● Exercise description
Retype only the lines below from the one with "Футболка женская свободного" to the one with "Рассмотрена задача нагрева", inclusive, skipping every image.
Source material section start
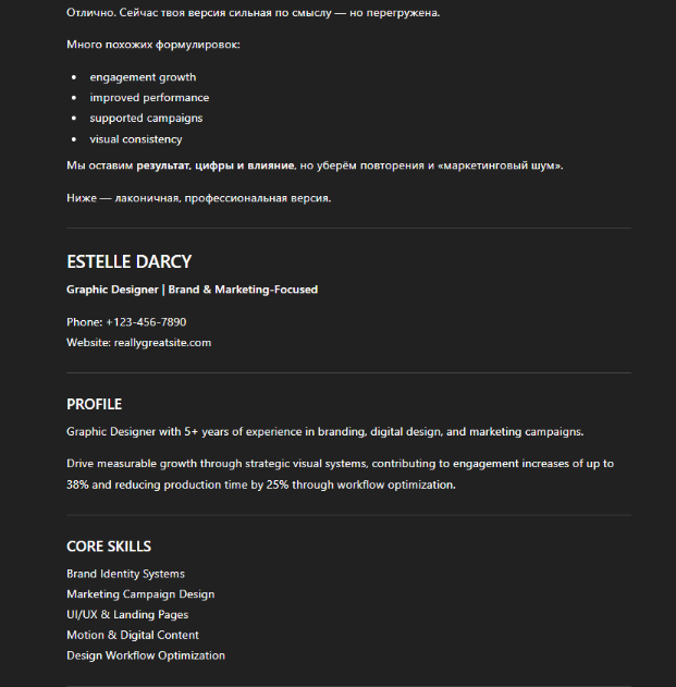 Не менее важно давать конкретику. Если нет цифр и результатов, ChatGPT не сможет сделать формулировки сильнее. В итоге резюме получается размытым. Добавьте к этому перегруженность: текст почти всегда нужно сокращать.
Source material section end
Source material section start
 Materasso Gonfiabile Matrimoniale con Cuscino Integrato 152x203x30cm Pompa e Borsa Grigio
Source material section end
Source material section start
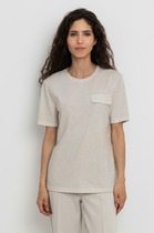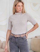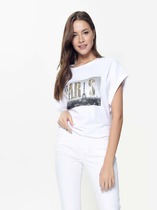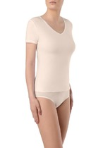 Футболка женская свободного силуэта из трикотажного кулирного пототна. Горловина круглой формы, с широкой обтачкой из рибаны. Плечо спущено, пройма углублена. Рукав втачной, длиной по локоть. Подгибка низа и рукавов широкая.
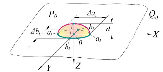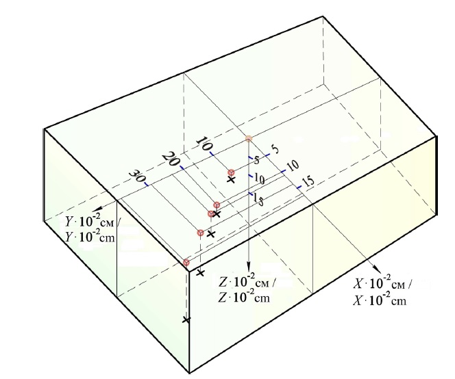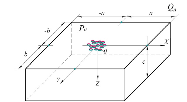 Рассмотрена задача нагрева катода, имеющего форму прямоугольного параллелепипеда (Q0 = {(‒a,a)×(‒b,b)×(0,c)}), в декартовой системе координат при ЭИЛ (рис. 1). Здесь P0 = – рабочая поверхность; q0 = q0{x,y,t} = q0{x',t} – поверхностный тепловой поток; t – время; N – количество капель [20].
Source material section end
● Response below
 Футболка женская свободного силуэта из трикотажного кулирного пототна. Горловина круглой формы, с широкой обтачкой из рибаны. Плечо спущено, пройма углублена. Рукав втачной, длиной по локоть. Подгибка низа и рукавов широкая.
 Рассмотрена задача нагрева катода, имеющего форму прямоугольного параллелепипеда (Q0 = {(‒a,a)×(‒b,b)×(0,c)}), в декартовой системе координат при ЭИЛ (рис. 1). Здесь P0 = – рабочая поверхность; q0 = q0{x,y,t} = q0{x',t} – поверхностный тепловой поток; t – время; N – количество капель [20].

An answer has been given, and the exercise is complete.